I don’t think I handle departures very well;
Even bidding someone I never met, or personally knew in reality. He is the country’s founder-man, and he’s left at the age of 91. I can’t emphasise on how highly regarded he is to everyone, and myself included. I often complain about how much there is to dislike about this country, saying it is awfully rigid and homophobic and what-not. But in retrospect, this is one man’s work, and it’s spectacular. He gave everything, lived to the best that life could offer, overcame every obstacle that came in his way. In a week’s worth of tears, and uncountable 8 hours the people have queued to see him off (because they couldn’t meet him while he was alive), there’s a little less complaints, a little more appreciation. Indeed, the world is a little darker and a little less bright, and a few hundreds of thousands’ hearts are broken.

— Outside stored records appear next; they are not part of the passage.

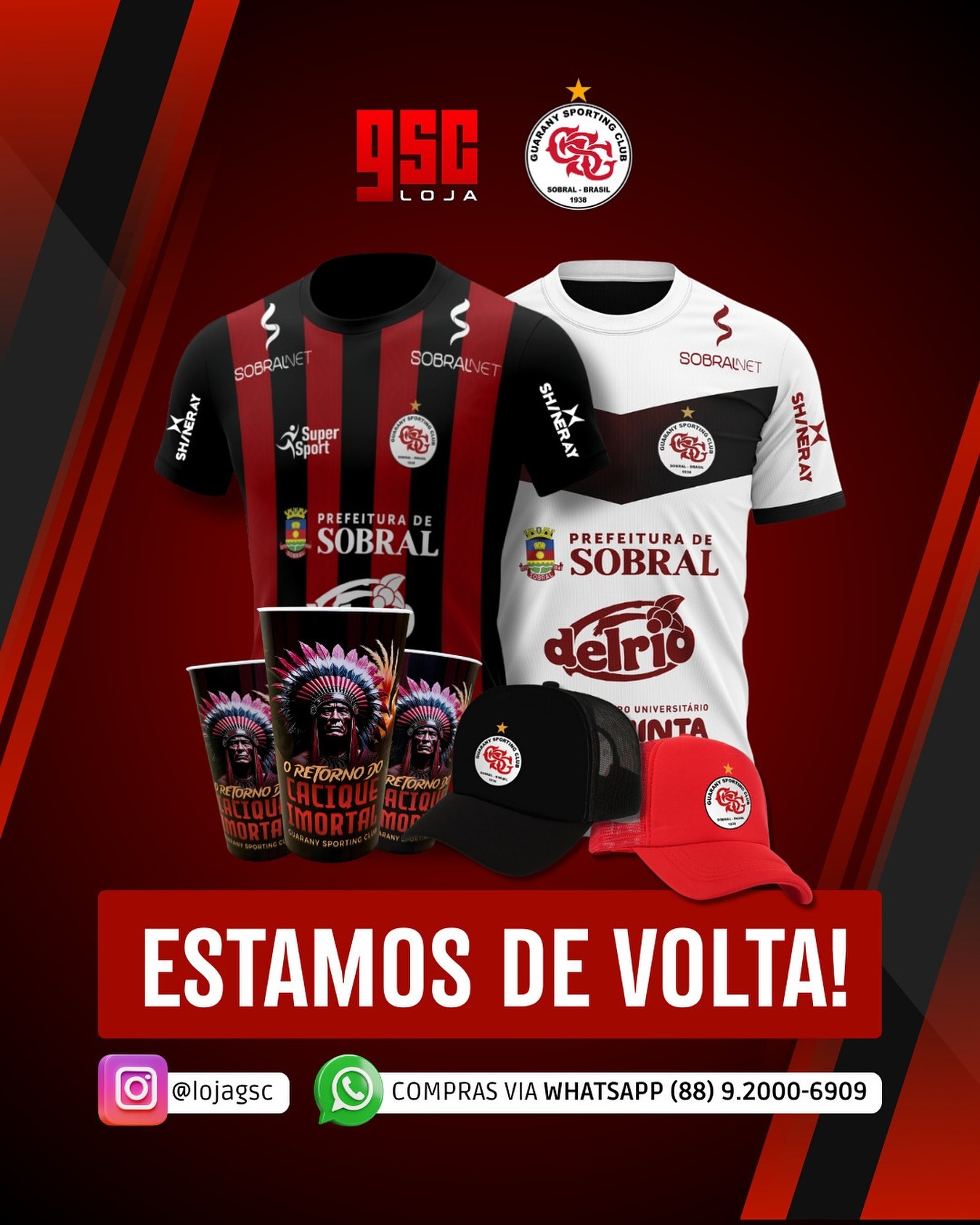 Com o objetivo de aproximar ainda mais o Guarany de sua torcida, os produtos oficiais estão disponíveis para compra direta pelo WhatsApp (88) 9.2000-6909 ou pelo perfil @lojagsc no Instagram. Além disso, as entregas são realizadas para todo o Brasil, via Correios, com frete calculado no ato da compra.
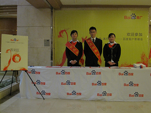 恭迎嘉賓 繁忙的簽到區 主持人致開場詞 嘉賓簽名留念 主講人郭凡先生做精彩主題演講 客服表演優美舞蹈 小品“開鎖” 優秀客戶帶來街舞表演 游戲“聲名遠揚” 游戲“圓聚” 嘉賓代表發言 客服齊唱“明天會更好” 會議最后在一片歡聲笑語中結束,通過這次會議,將客戶與百度的距離拉的更近了,更是增強了客戶對百度信任。面對已經到來的2010年,百度仍將不負眾望,努力回報廣大客戶的支持與信任。相信眾多的中小企業也會繼續把百度當做堅定的長久的合作伙伴,在新的一年里和百度一起蓄勢待發,再創輝煌!
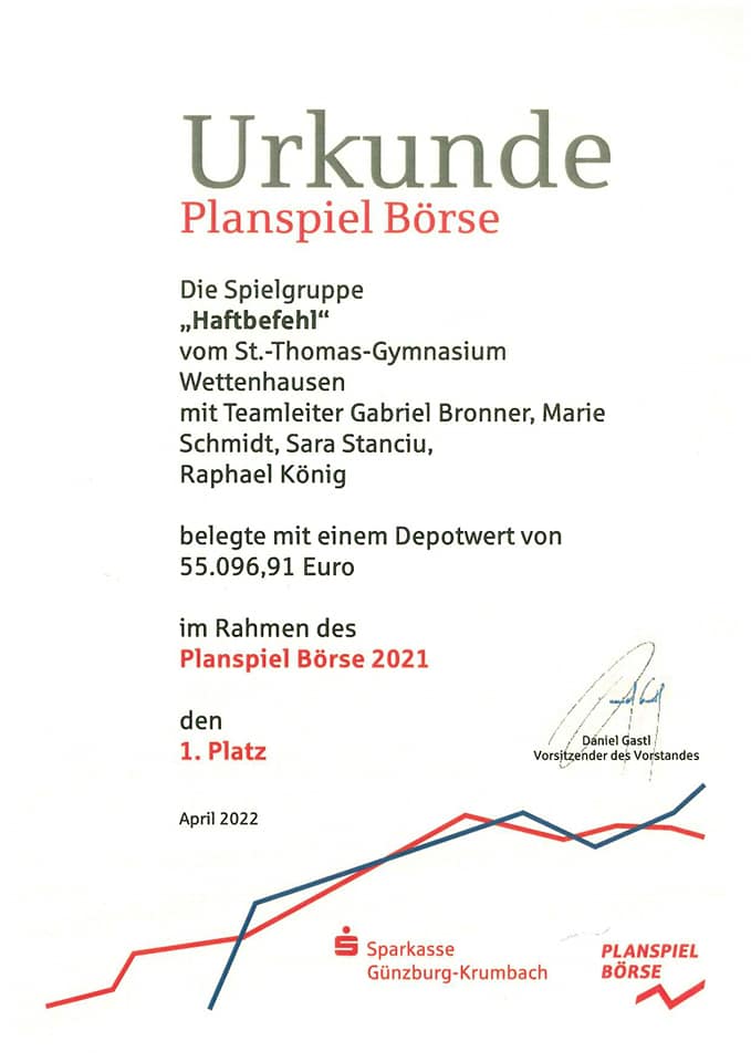 Unsere Spielgruppe „Haftbefehl“ errang den 1. Preis und der Vorstandsvorsitzende Daniel Gastl von der Sparkasse ließ es sich nicht nehmen, Urkunde und Bulle persönlich ans St.-Thomas-Gymnasium zu bringen und zu gratulieren.
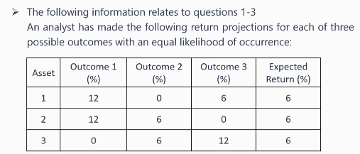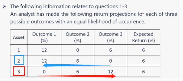 老师,这道题是只能用计算器算correlation才能得出结果吗?感觉很费时间。但是官网的解析我有点不懂,官网说Asset2和3对于outcome2的回报是一样的,但是outcome1和3完全相反;但Asset1和2在outcome1也是一样的,在outcome2和3完全相反。如果按解析的思路应该怎么判断呢?
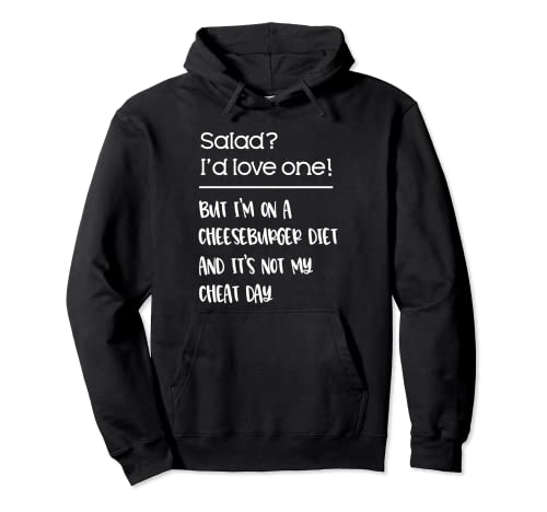 ダイエット中に見逃せない!面白いバーガージョーク入りパーカー。チートデーには笑顔でハンバーガーを楽しもう。食玩感覚のユーモアたっぷりの一品!
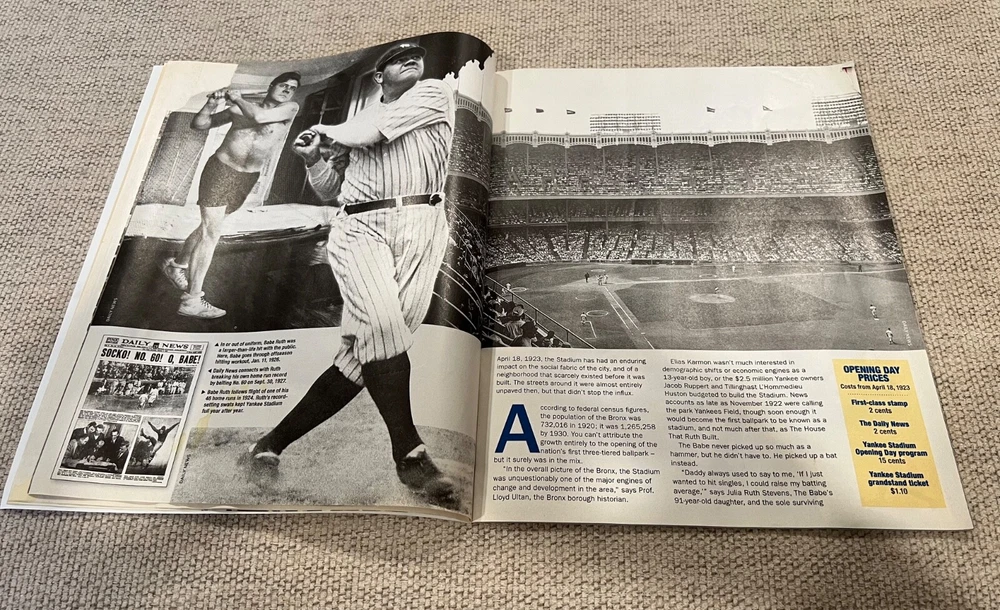 2008 Daily News The Stadium magazine containing parts 1,2,4,5,6. Missing part 3. Part 1 with Babe Ruth has a few pages with stains-see pics. Lot also contains 3 Yankees pages from the daily news. Page with Mariano Rivera and Jorge Posada has a small rip on the right side. This lot also has Baseball’s Great Dynasties the Yankees which is a nice collection of Yankees history including Babe Ruth, Lou Gehrig. Yogi Berra, Reggie Jackson and many more!
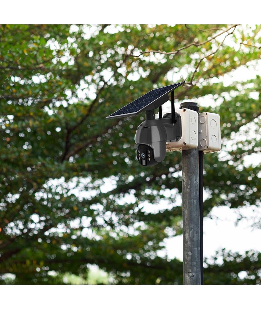 Upptäck den otroliga WiFi HD Smart Solar Energi PTZ Kamera Sensor i svart, som kombinerar avancerad teknik med hållbar energiförsörjning.
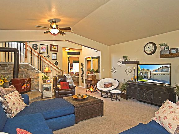 An amazing 4 bedroom home in the Villages at Damonte Ranch in South Reno. As you enter, from the covered porch, the living room greets you with a wood stove for cozy nights, high ceiling, and ceiling fan. A bright and open kitchen with granite counter tops, extended cabinetry, and built-in pantry. Including stainless steel appliances and a smart dishwasher all while overlooking the family room for that great room function.
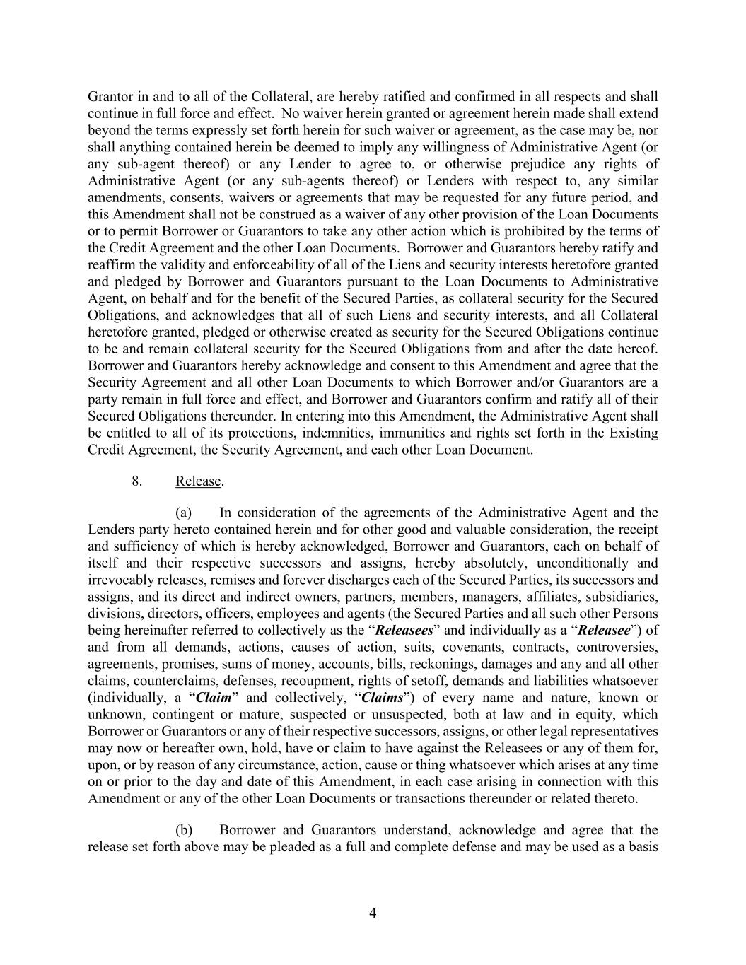 4 Grantor in and to all of the Collateral, are hereby ratified and confirmed in all respects and shall continue in full force and effect. No waiver herein granted or agreement herein made shall extend beyond the terms expressly set forth herein for such waiver or agreement, as the case may be, nor shall anything contained herein be deemed to imply any willingness of Administrative Agent (or any sub-agent thereof) or any Lender to agree to, or otherwise prejudice any rights of Administrative Agent (or any sub-agents thereof) or Lenders with respect to, any similar amendments, consents, waivers or agreements that may be requested for any future period, and this Amendment shall not be construed as a waiver of any other provision of the Loan Documents or to permit Borrower or Guarantors to take any other action which is prohibited by the terms of the Credit Agreement and the other Loan Documents. Borrower and Guarantors hereby ratify and reaffirm the validity and enforceability of all of the Liens and security interests heretofore granted and pledged by Borrower and Guarantors pursuant to the Loan Documents to Administrative Agent, on behalf and for the benefit of the Secured Parties, as collateral security for the Secured Obligations, and acknowledges that all of such Liens and security interests, and all Collateral heretofore granted, pledged or otherwise created as security for the Secured Obligations continue to be and remain collateral security for the Secured Obligations from and after the date hereof. Borrower and Guarantors hereby acknowledge and consent to this Amendment and agree that the Security Agreement and all other Loan Documents to which Borrower and/or Guarantors are a party remain in full force and effect, and Borrower and Guarantors confirm and ratify all of their Secured Obligations thereunder. In entering into this Amendment, the Administrative Agent shall be entitled to all of its protections, indemnities, immunities and rights set forth in the Existing Credit Agreement, the Security Agreement, and each other Loan Document. 8. Release. (a) In consideration of the agreements of the Administrative Agent and the Lenders party hereto contained herein and for other good and valuable consideration, the receipt and sufficiency of which is hereby acknowledged, Borrower and Guarantors, each on behalf of itself and their respective successors and assigns, hereby absolutely, unconditionally and irrevocably releases, remises and forever discharges each of the Secured Parties, its successors and assigns, and its direct and indirect owners, partners, members, managers, affiliates, subsidiaries, divisions, directors, officers, employees and agents (the Secured Parties and all such other Persons being hereinafter referred to collectively as the “Releasees” and individually as a “Releasee”) of and from all demands, actions, causes of action, suits, covenants, contracts, controversies, agreements, promises, sums of money, accounts, bills, reckonings, damages and any and all other claims, counterclaims, defenses, recoupment, rights of setoff, demands and liabilities whatsoever (individually, a “Claim” and collectively, “Claims”) of every name and nature, known or unknown, contingent or mature, suspected or unsuspected, both at law and in equity, which Borrower or Guarantors or any of their respective successors, assigns, or other legal representatives may now or hereafter own, hold, have or claim to have against the Releasees or any of them for, upon, or by reason of any circumstance, action, cause or thing whatsoever which arises at any time on or prior to the day and date of this Amendment, in each case arising in connection with this Amendment or any of the other Loan Documents or transactions thereunder or related thereto. (b) Borrower and Guarantors understand, acknowledge and agree that the release set forth above may be pleaded as a full and complete defense and may be used as a basis
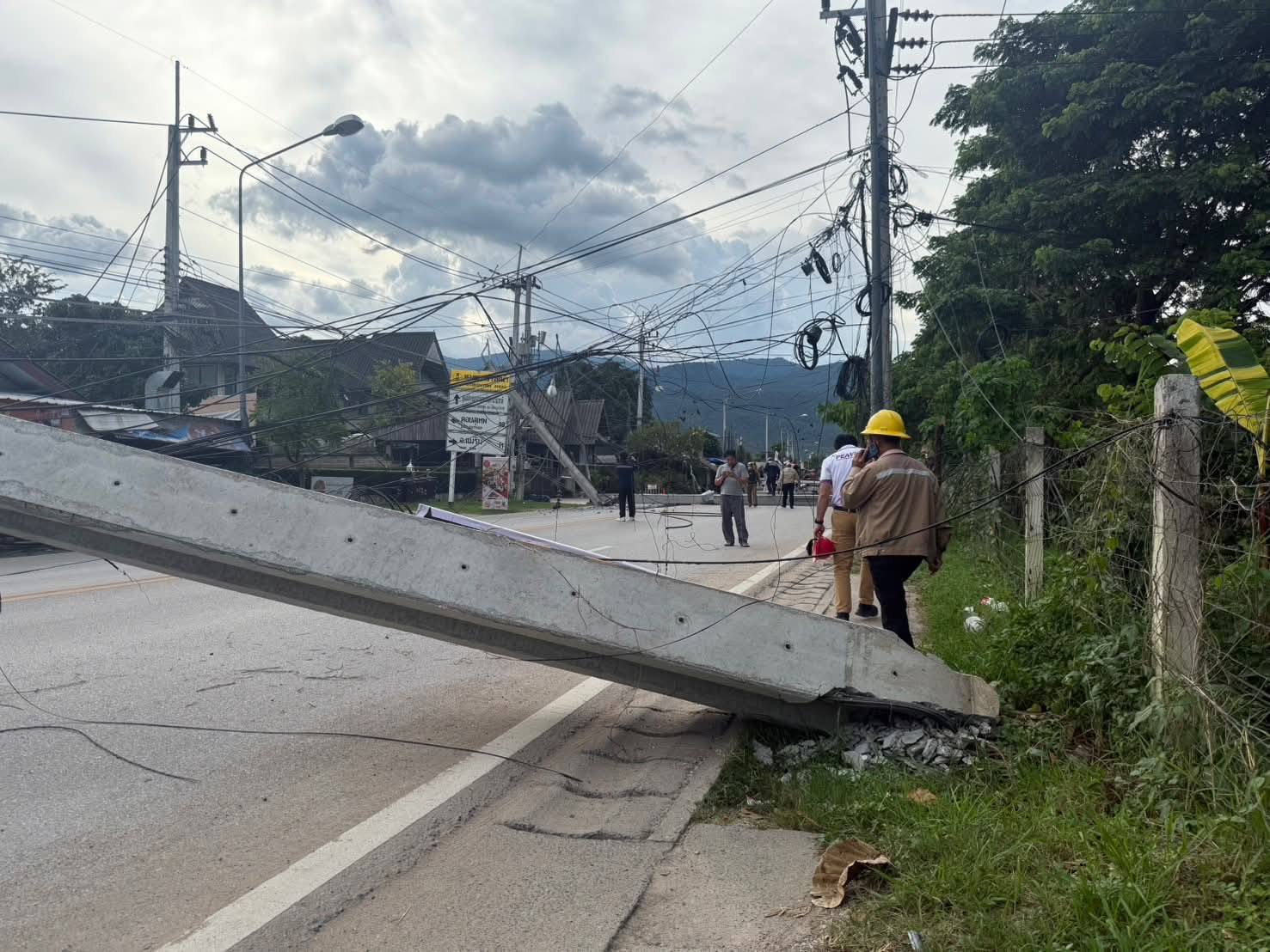 ปภ.เชียงใหม่ แจง กรณีรถกระบะส่งน้ำชนเสาไฟฟ้าล้ม, เสียหายรวม 52 ต้น จนท.เร่งแก้ไข คาดจ่ายไฟได้ครบ พรุ่งนี้
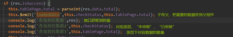 在判断类型与当前tabs选择的类型相同后,把对应的数量赋值给当前选择的list下的total
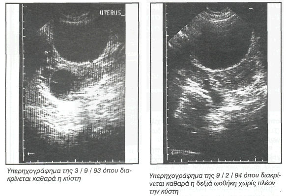 Η ασθενής που προσήλθε, 27 ετών, εμφάνισε μόρφωμα, κυρίως κυστικό, στη δεξιά ωοθήκη, διαστάσεων 4X4 χιλ. (Σύμφωνα με υπερηχογράφημα που διενεργήθη στις 3 / 9 / 93)

It is a little funny though, that it is only in this grim period that we see the slightly more gracious side of singaporeans.
For a long time I have respected him, perhaps because since young we were brought up learning how commendable he is, but it is only when I look around, and realise the beauty of this city. He was not a realist, and never as rigid as i thought he was – because the truth is, he was a realist who dreamt idealistically. One by one, he turned all of his dreams, and visions into a reality, for all of us to appreciate. My greatest question for him, if i could ask him today – how did he manage to do all of that? You know, dream big dreams, seeing how broken this place was? How could he find the capacity to love something that was perhaps a little wrecked?
Unfortunately, queueing yesterday to bid farewell to this founder-man was quite a nightmare, I must admit. In the process, it has sieved out the impatient, and filtered out the sadness and emotions while we wait in line. With exhaustion kicking in as we proceed into the early morning, and with the growing impatience, all feelings have been numbed, and time surrenders to surreality, and all honour has turned to chore. Look at the flowers, the pretty white offerings that go through five hours of wait; By the time we lay it – it is much tattered, a little too disfigured, and slightly disjointed – very much dehydrated. The flowers make quite a good representation of us.